Communication is fundamental to any teaching endeavor. Ideally, collaboration joins effective communication to create effective learning environments. This is true whether the learning space is brick and mortar or virtual. Patricia Comeaux, et. al., suggest that in order to achieve the benefits that technology can offer for teaching and learning, we need to understand the communication issues that technology surfaces in human interaction. This compilation of experiences with technology in teaching and learning has, as a focus, communication and collaboration. Collaboration is one area of interaction where communication and technology issues intersect the preparation to teach, the act of teaching and the evaluation of teaching and learning effectiveness. It is in these areas that the authors describe their experiences in the context of communication theories.
The authors share challenges, benefits and lessons learned from developing programs, creating and teaching courses, and teaching as visiting faculty. The purpose is to provide faculty, graduate students, administrators, and scholars in higher education with real experiences across disciplines. One of the strengths of the book is the wide span of experience and disciplines that have come together to share their stories and analysis of those experiences.
Comeaux begins the text with a brief review of the literature relevant to communication, education, instructional technology, and distance education related to communication and collaboration via interactive technology. The contributing authors responded to the following question in each chapter: "how have interactive technologies affected teaching and learning in institutions of higher education?" Dividing the chapters into three sections, authors first address program development.

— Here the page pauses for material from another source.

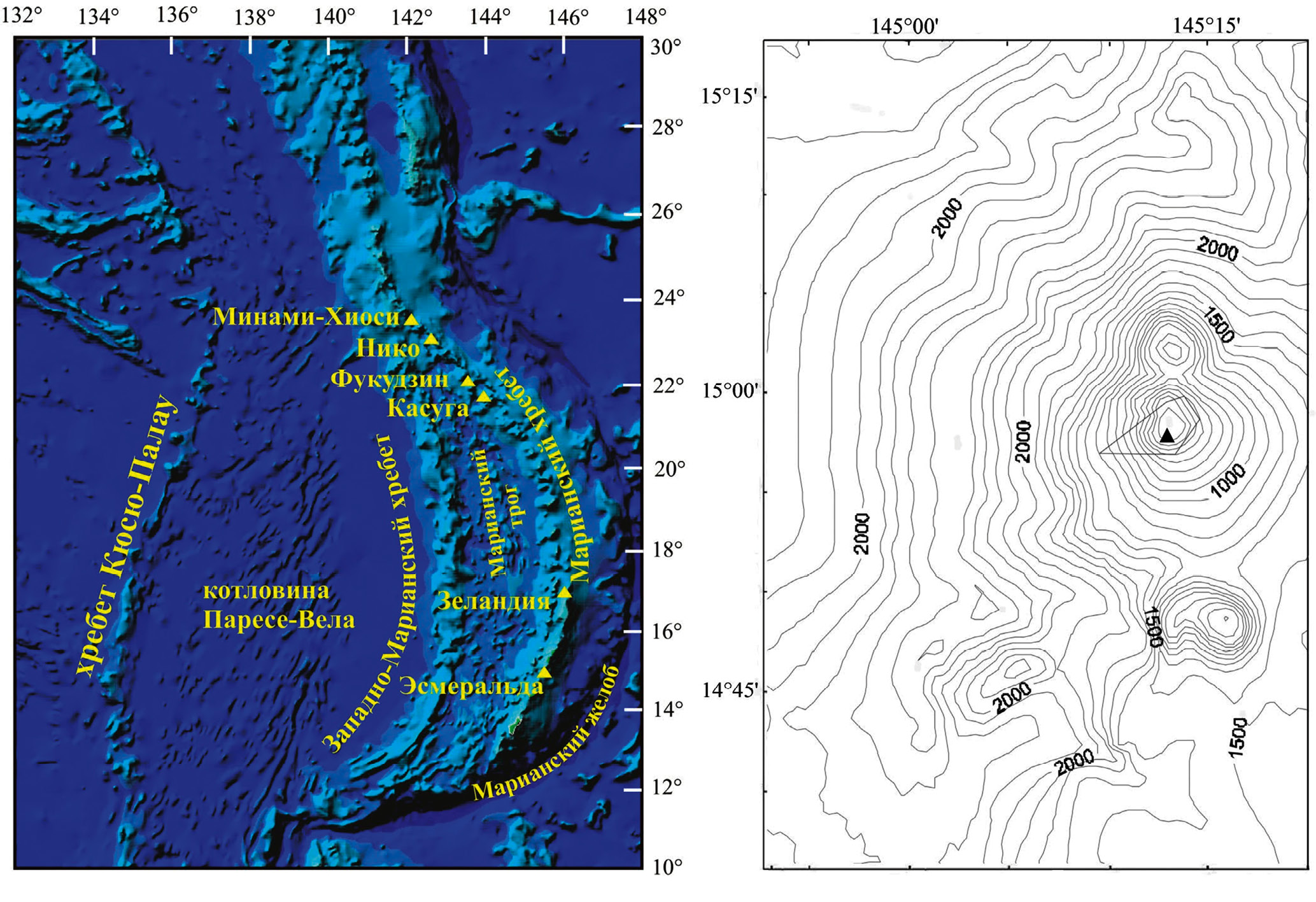 Действующий подводный вулкан Эсмеральда расположен в южной части Марианской островной дуги и поднимается с глубин 1500–2000 м (рис. 1). Диаметр основания вулкана по изобате 1500 м ~22 км. Минимальная глубина, отмеченная на вершине вулкана, изменяется в диапазоне 30–43 м [Горшков и др., 1980; Stern, Bibee, 1980]. На вершине вулкана расположен кратер глубиной 200–300 м и диаметром 2–3.5 км, открытый в западном направлении. На северо-восточной кромке кратера на глубинах около 100 м с помощью эхолотов обнаружены фумаролы [Горшков и др., 1980].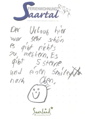 Wir hatten ein paar wunderschöne Tage bei Ihnen im Saarland. Die Ferienwohnung (die Eine) ist sehr schön eingerichtet und in einem top Zustand. An der Sauberkeit gab es nichts zu bemängeln. Die Küche war voll ausgestattet. Familie Schulien war immer erreichbar und sehr hilfsbereit. Mit der kostenlosen Saarlandcard konnten wir einige Eintrittsgelder sparen. Wir können die Ferienwohnung auf jeden Fall weiter empfehlen. Viele Grüße aus dem Schwarzwald!

Case studies offer insights gained from collaborating within departments and with key stakeholders in the community. Issues such as managing detractors, facilitating effective project management, and creating dialogues around teaching and learning are explored.
The second section focuses on collaboration in course design and teaching as visiting faculty in online courses. Benefits of collaboration as visiting faculty are described and demonstrate the value of interactive technologies in enhancing the learning environment through opportunities like providing content and experiences that the primary course faculty do not have access to. Collaboration in preparing for course content and teaching strategies is seen as paying big dividends even though navigation and negotiation via unfamiliar or, sometimes, unavailable technology was problematic.
Lastly, the third section deals with the development of learning communities. In a sense, the last section brings together the essence of communication and collaboration as faculty worked to create cohesive learning communities using interactive technologies. Practical issues like sizes of groups, availability of resources, and time management are explored. Interestingly, these are the same fundamental issues in face-to-face environments. Effective teamwork aimed at a common objective seemed to create similar challenges for this set of faculty. The lessons learned in this section provide a rich source of areas to focus on proactively by anyone attempting to create online learning communities.
In the final chapter, Comeaux argues that the authors supported and extended the themes identified in the Introduction; dialogues about teaching and learning with interactive technologies are increasing and being supported by key stakeholders in the teaching-learning community; teaching is "a complex communicative process"; collaborative learning occurs in both traditional and online classrooms; and collaborative learning is a viable approach in interactive environments. She notes that as we gain experiences in online or virtual environments our language will better reflect the key foci for understanding teaching and learning and that it will, in all likelihood, not be on the particular space where instruction occurs. Rather, the focus will be, as this book has demonstrated, on communication and collaboration between all of the players in the teaching-learning environment.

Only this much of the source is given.